EngGPT2-16B-A3B Benchmarked Against Italian and International LLMs
Ingegneria Informatica S.p.A. has published a benchmark evaluation for its EngGPT2MoE-16B-A3B, a Mixture of Experts (MoE) model featuring 16 billion parameters, of which 3 billion are active. This model underwent testing against global benchmarks such as ARC-Challenge, GSM8K, AIME24, AIME25, MMLU, HumanEval (HE), and the RULER benchmark with a 32k context. It matched or exceeded the performance of Italian models including FastwebMIIA-7B, Minerva-7B, Velvet-14B, and LLaMAntino-3-ANITA-8B in most assessments, although Velvet-14B surpassed it on the Italian benchmark ITALIC. When compared to other MoE models of similar size, EngGPT2MoE-16B-A3B demonstrated superior results compared to DeepSeek-MoE-16B-Chat.
Key facts
- EngGPT2MoE-16B-A3B is a 16B parameter MoE model with 3B active parameters.

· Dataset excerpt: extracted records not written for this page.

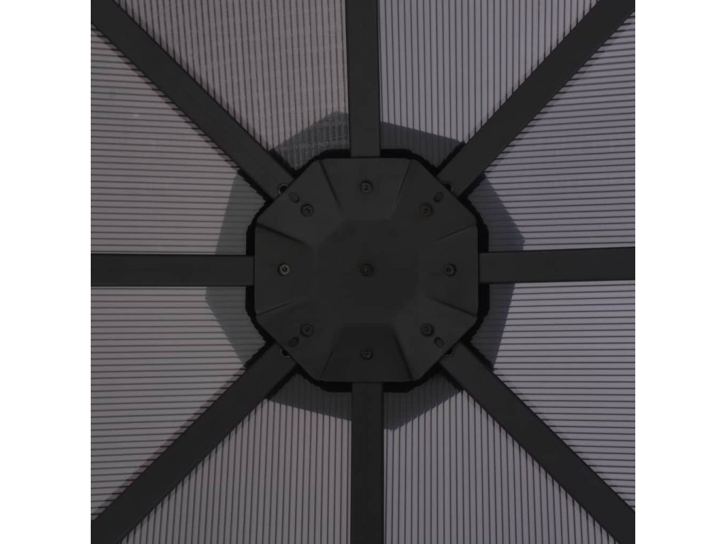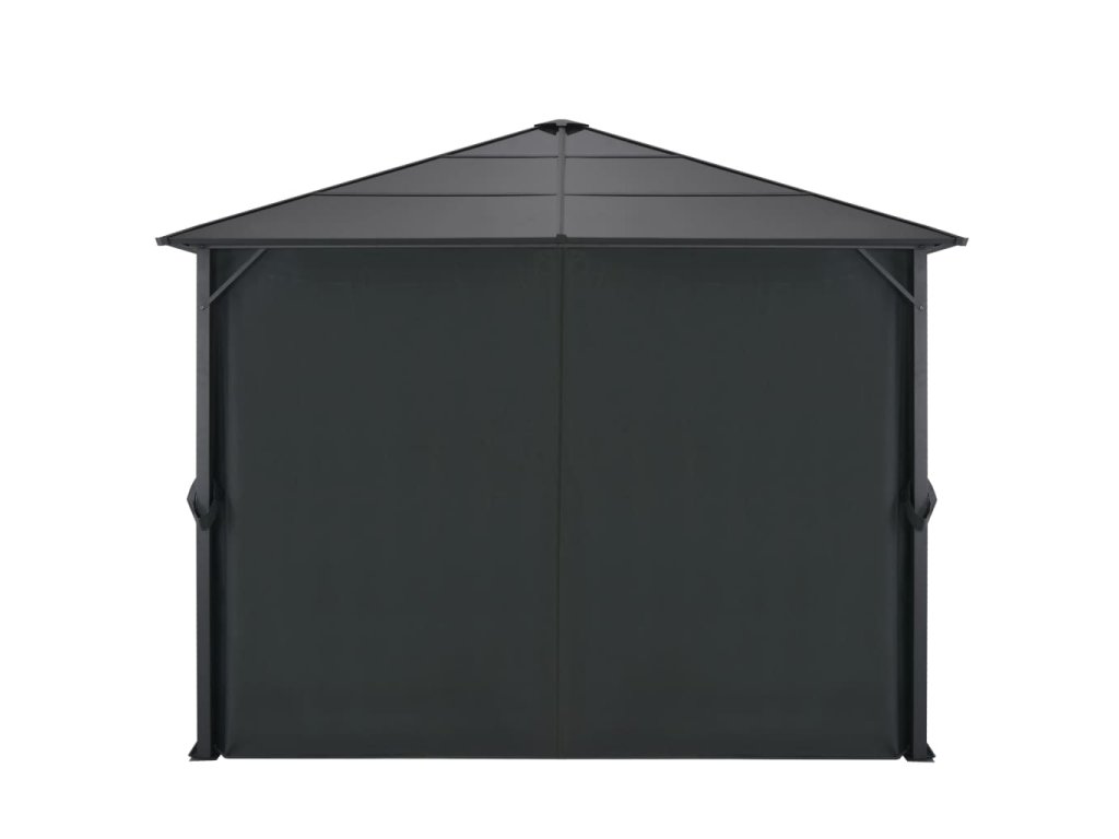 Střecha je vyrobena z 6 mm silných polykarbonátových desek a ochrání vás jak před žárem, tak i před škodlivými UV paprsky přímého slunečního záření. Altán má pevnou konstrukci z pevného hliníku a oceli, a proto nerezaví a je mimořádně stabilní. Disponuje rovněž 4 bočními stěnami, které můžete zatáhnout v případě nevlídného počasí. Pro jednoduché uvázání závěsů najdete na altánu poutka na suchý zip.
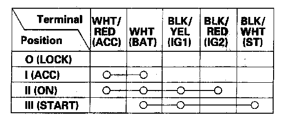 6. If the continuity checks do not agree with the table, replace the steering lock.
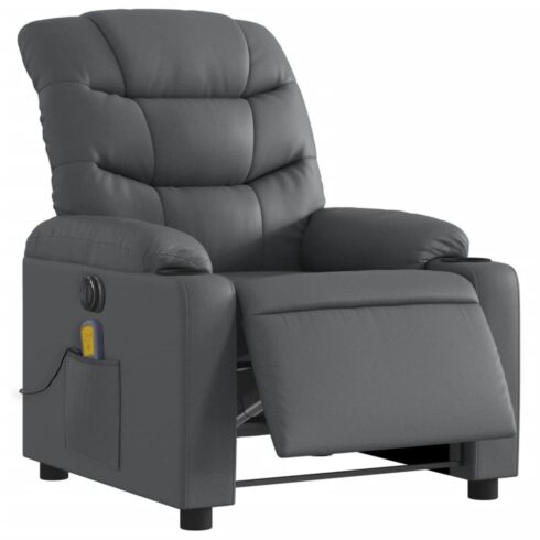 Įsigykite Elektrinis atlošiamas masažinis krėslas, pilkas, dirbtinė oda pigiau!
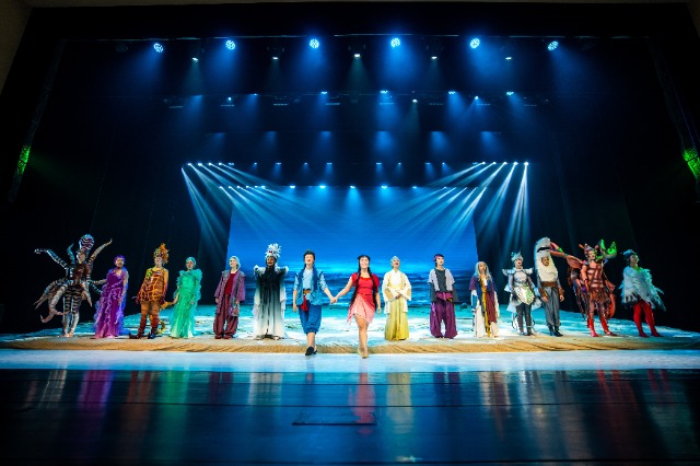 《東海人魚》是中國經(jīng)典兒童劇目,由中國兒童藝術(shù)劇院在20世紀(jì)七八十年代根據(jù)中國傳統(tǒng)民間故事改編而成,講述了漁村少年金珠子解救人魚姑娘的動人故事。美國版《東海人魚》在原劇目基礎(chǔ)上,對中文臺詞和舞臺表演進(jìn)行了改編,演員全程用中文表演,將芭蕾、歌舞劇等西方表演形式有機(jī)融合,配合高科技的表現(xiàn)手段和舞美設(shè)計(jì)。
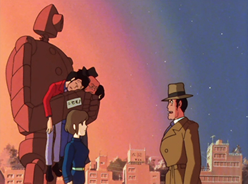 C’est au tout début des années 80 que Hayao Miyazaki réalise les épisodes 145 et 155 de Shin Rupan Sansei, la seconde série de Lupin III / Edgar, le détective cambrioleur. Le deuxième, intitulé Saraba Itoshiki Rupan yo (Adieu, Lupin bien-aimé), qui marque la fin de cette longue série, met en scène avant l’heure deux personnages bien connus du réalisateur qui sèment la pagaille à Tôkyô : un robot-guerrier de l’île volante de Laputa (dans l’épisode, un robot-voleur) piloté par Nausicaä !
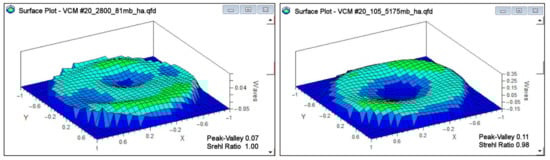 Boundaries’ conditions for the thickness distribution at edge, ρ = r/a = 1, were defined by setting t(ρ = 1)/t0 = 0.5. Other Nastran conditions at contour are no ending moment and being free to move radially. The origin of displacement is the mirror center. Quarter sections of VCM axial displacements are shown before and after applying an averaged intensity load of q = 5.3 bars (Figure 6).
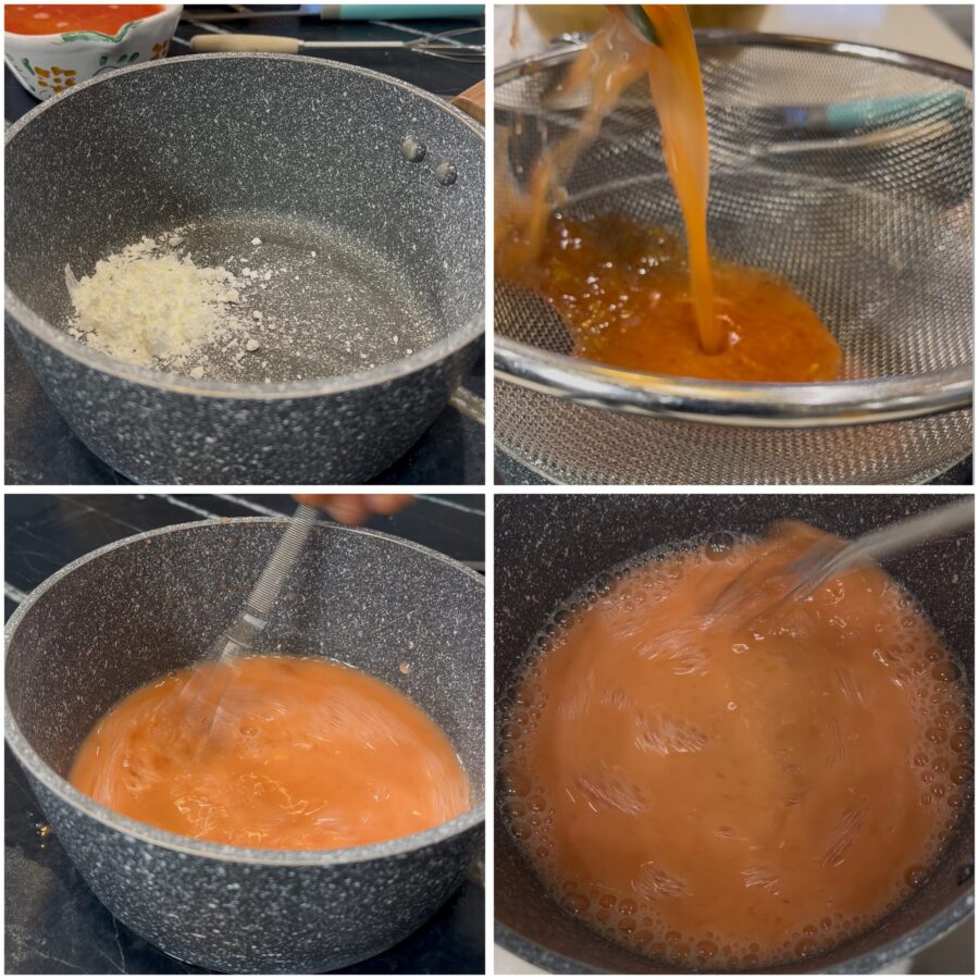 • En un cazo vierte el zumo de naranja colado y disuelve la maicena mezclando en frío. Añade la sal (y la miel, si te apetece o si el zumo está demasiado ácido) y ponlo al fuego a temperatura baja, removiendo continuamente con un batidor hasta que la salsa espese ligeramente. Apaga y reserva.
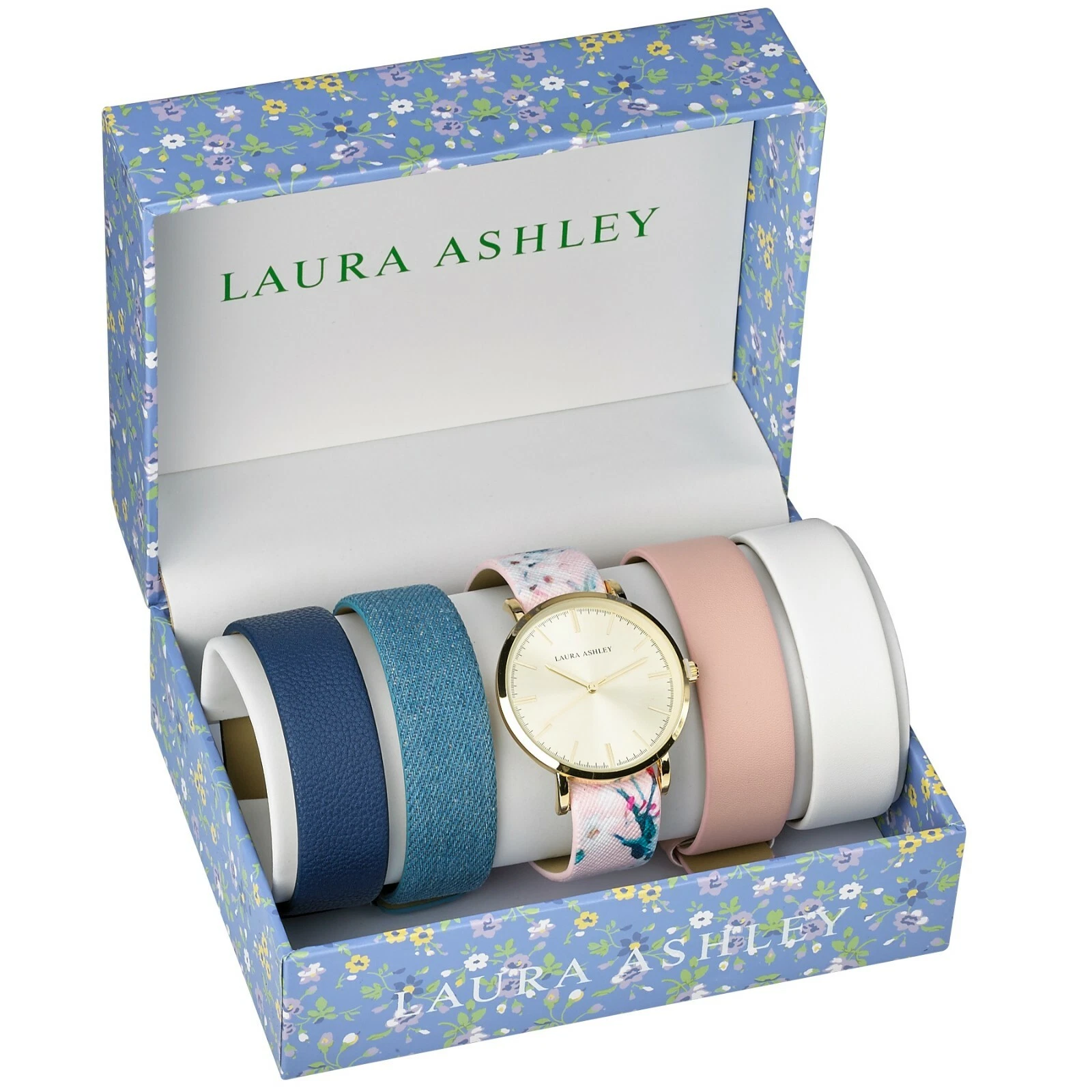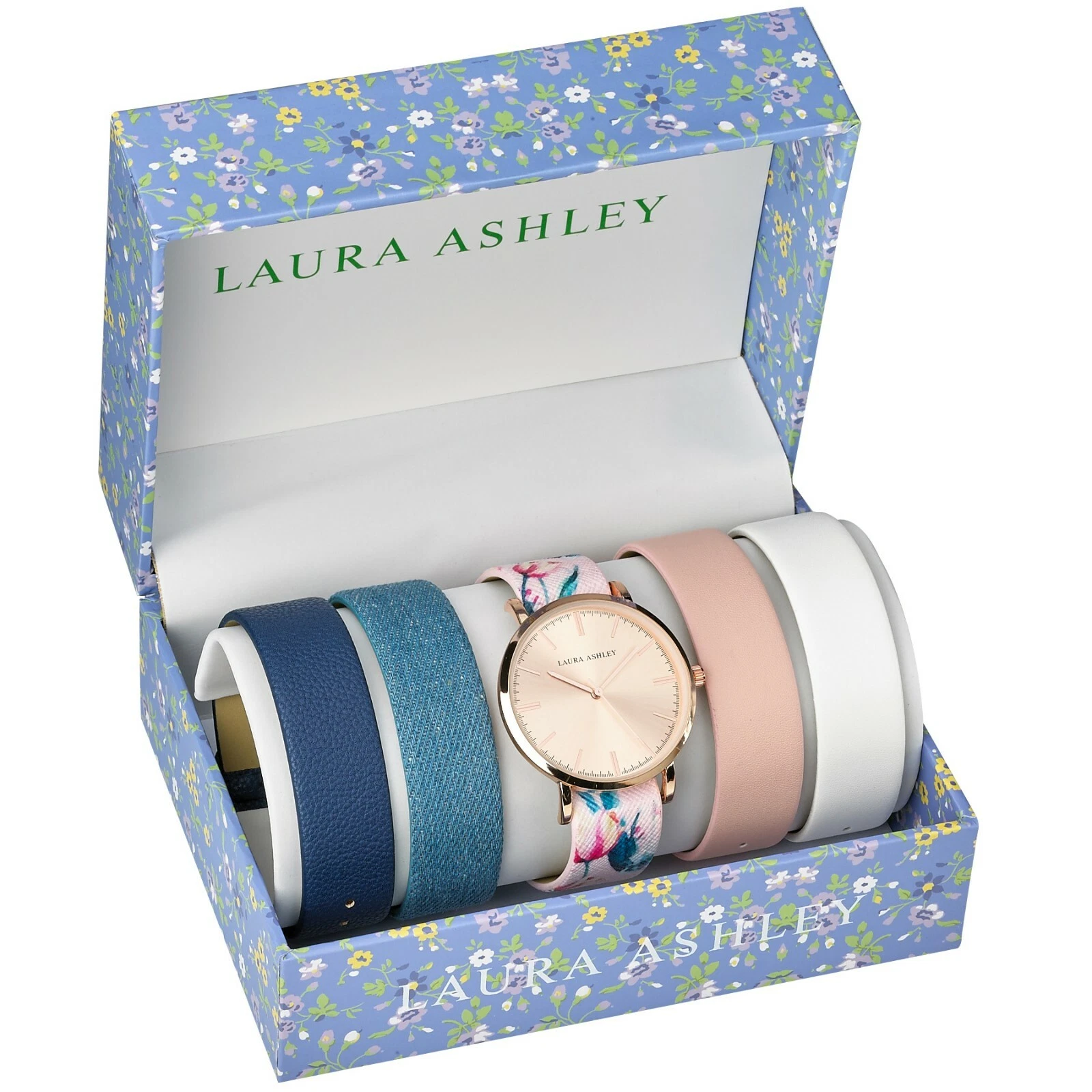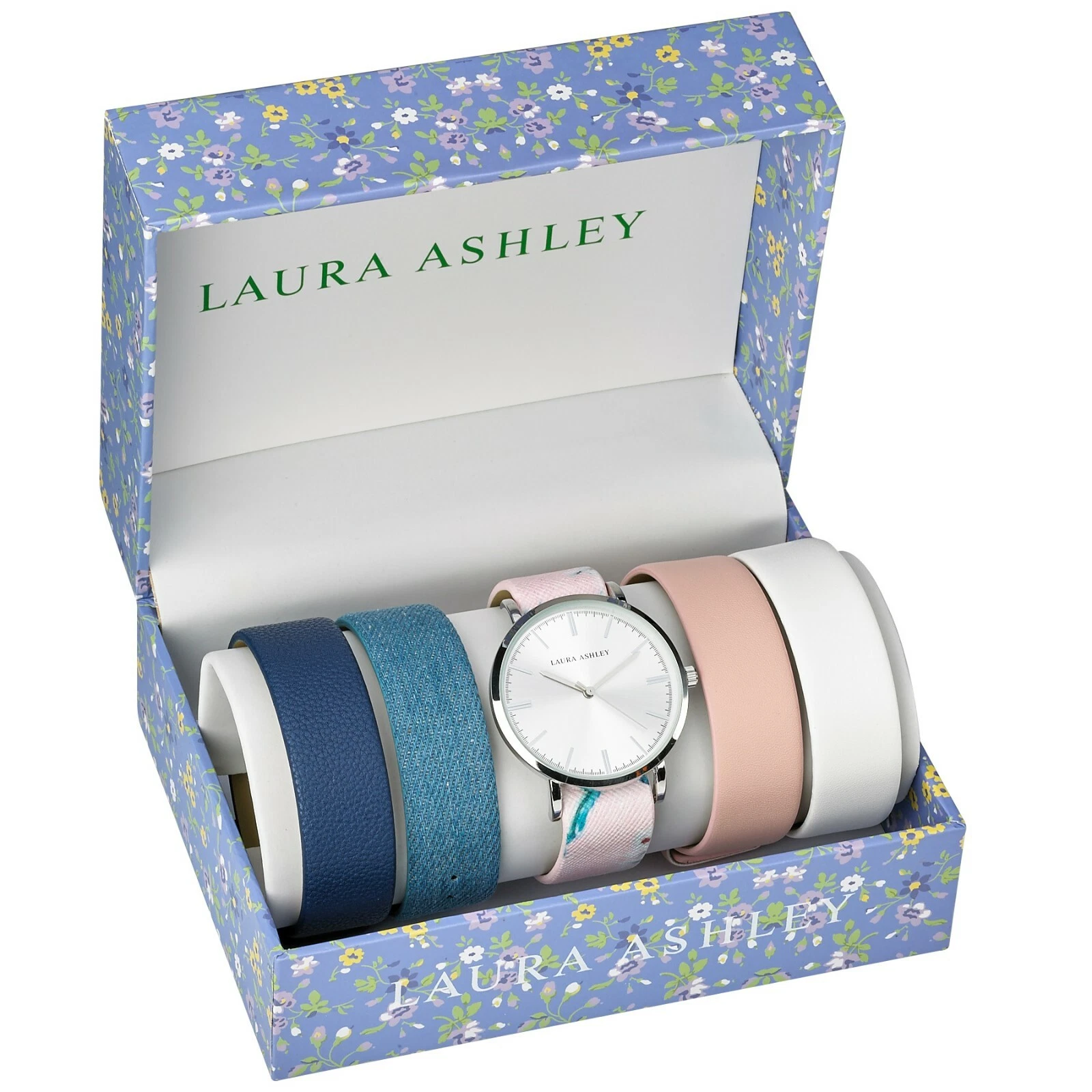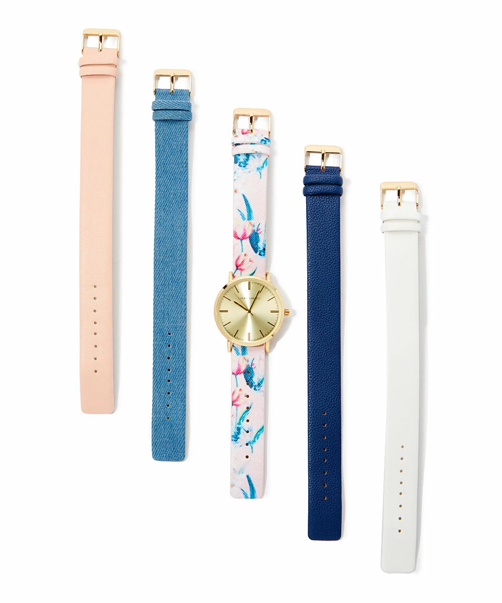 Laura Ashley Women's Mirror Dial Floral Strap Watch Set 4 Interchangeable Straps
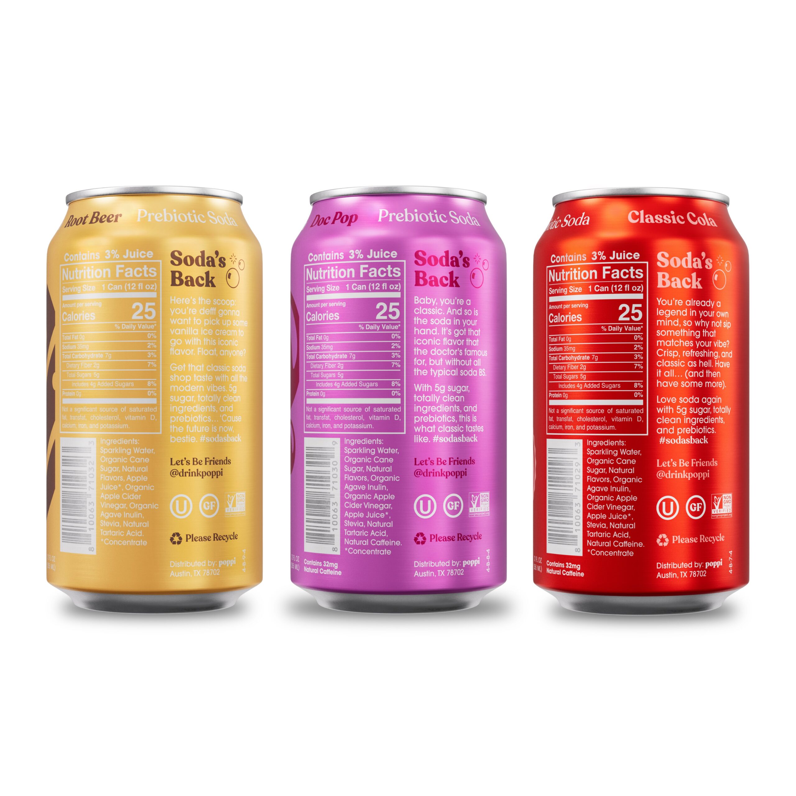 Pack Configuration: The pack contains (12) Poppi: 4 Root Beer cans, 4 Doc Pop cans (contains 32mg of natural caffeine)and 4 Classic Cola cans (Contains 32mg of natural caffeine).
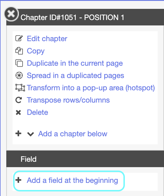 Step 3: To add a field under chapter, click on chapter menu icon and select “Add a field at the beginning”
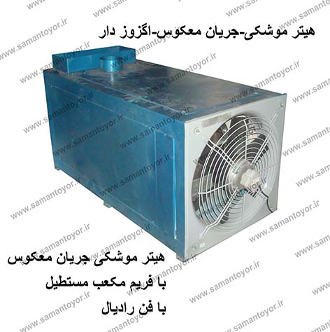 هیتر جریان معکوس به هیتری گفته میشود که جهت جریان شعله با جهت جریان باد زاویه 180 درجه داشته باشد.یعنی اولین نقطه ای که در دیک توسط باد خنک میشود داغ ترین
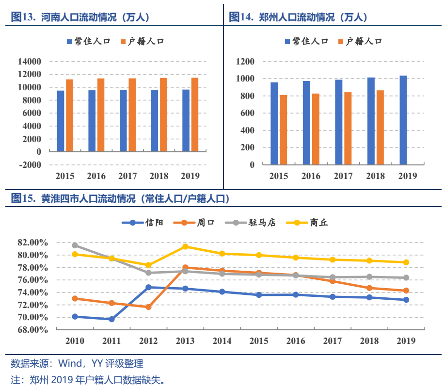 河南的人口體量很大(全國第三),整體處于凈流出的狀態(tài),2019年常住人口比戶籍人口少1,845.78萬人;除了省會鄭州保持相對較大規(guī)模的人口凈流入之外,其余大多數地級市均處于人口外流的狀態(tài),且常住人口增長緩慢,特別是渝東南塌陷區(qū)的周口、信陽、商丘、駐馬店,這黃淮四市的常住人口占全省常住人口的31%,是省內重要的糧食生產區(qū),但常住人口與戶籍人口的比例均低于80%,且凈流出的趨勢較前幾年更甚,是流出人口的主要來源地。
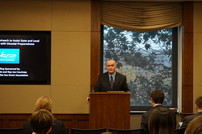 Stony Brook, NY, November 17, 2017 - New York Sea Grant Director Bill Wise participated in a legislative briefing, “Using Science and Outreach to Assist State and Local Decision Makers in Disaster Preparedness and Public Safety,” on November 8 in Washington, DC, which was sponsored by Congressmen Lee Zeldin (NY) and Joe Courtney (CT).

- Benchmarked against Italian models: FastwebMIIA-7B, Minerva-7B, Velvet-14B, LLaMAntino-3-ANITA-8B.
- Performed as well or better on ARC-Challenge, GSM8K, AIME24, AIME25, MMLU, HumanEval.
- Achieved best performance on RULER benchmark at 32k context.
- Velvet-14B outperformed EngGPT2 on Italian benchmark ITALIC.
- Outperformed DeepSeek-MoE-16B-Chat in comparison.
- Report published by ENGINEERING Ingegneria Informatica S.p.A.
- Model is open-source and comparably sized to other MoE models.
Entities
Institutions
- ENGINEERING Ingegneria Informatica S.p.A.